__Stored data__.
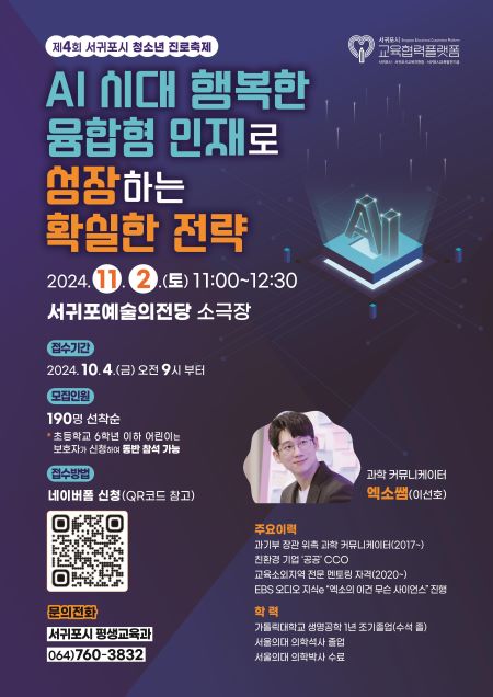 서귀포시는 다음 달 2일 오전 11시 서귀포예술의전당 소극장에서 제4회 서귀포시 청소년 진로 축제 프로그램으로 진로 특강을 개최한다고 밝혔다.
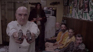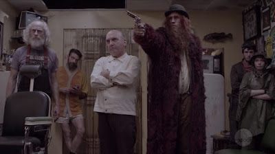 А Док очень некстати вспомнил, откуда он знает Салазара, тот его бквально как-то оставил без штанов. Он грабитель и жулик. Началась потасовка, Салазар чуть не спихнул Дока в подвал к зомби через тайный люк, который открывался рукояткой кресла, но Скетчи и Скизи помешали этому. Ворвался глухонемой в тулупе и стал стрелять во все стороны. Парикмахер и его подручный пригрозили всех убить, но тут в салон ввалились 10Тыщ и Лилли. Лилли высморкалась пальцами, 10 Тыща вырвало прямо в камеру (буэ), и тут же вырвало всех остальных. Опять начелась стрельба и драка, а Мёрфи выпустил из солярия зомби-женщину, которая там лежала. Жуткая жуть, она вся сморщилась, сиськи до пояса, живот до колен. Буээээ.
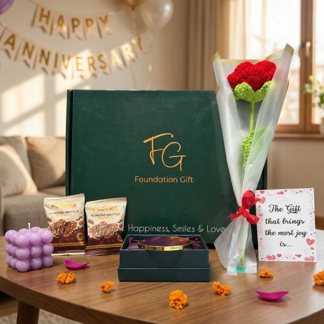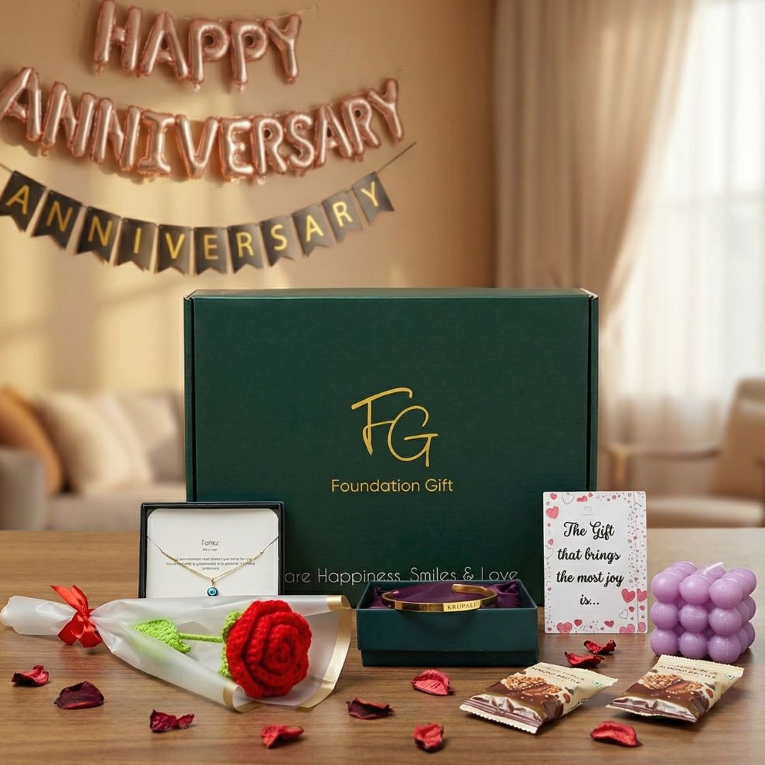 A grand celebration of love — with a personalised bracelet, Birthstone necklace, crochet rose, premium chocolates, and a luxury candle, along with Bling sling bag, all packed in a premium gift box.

__Task to carry out__. Please transcribe the whole listing above exactly, with the images left out.

__Response to the exercise__.
 서귀포시는 다음 달 2일 오전 11시 서귀포예술의전당 소극장에서 제4회 서귀포시 청소년 진로 축제 프로그램으로 진로 특강을 개최한다고 밝혔다.
 А Док очень некстати вспомнил, откуда он знает Салазара, тот его бквально как-то оставил без штанов. Он грабитель и жулик. Началась потасовка, Салазар чуть не спихнул Дока в подвал к зомби через тайный люк, который открывался рукояткой кресла, но Скетчи и Скизи помешали этому. Ворвался глухонемой в тулупе и стал стрелять во все стороны. Парикмахер и его подручный пригрозили всех убить, но тут в салон ввалились 10Тыщ и Лилли. Лилли высморкалась пальцами, 10 Тыща вырвало прямо в камеру (буэ), и тут же вырвало всех остальных. Опять начелась стрельба и драка, а Мёрфи выпустил из солярия зомби-женщину, которая там лежала. Жуткая жуть, она вся сморщилась, сиськи до пояса, живот до колен. Буээээ.
 A grand celebration of love — with a personalised bracelet, Birthstone necklace, crochet rose, premium chocolates, and a luxury candle, along with Bling sling bag, all packed in a premium gift box.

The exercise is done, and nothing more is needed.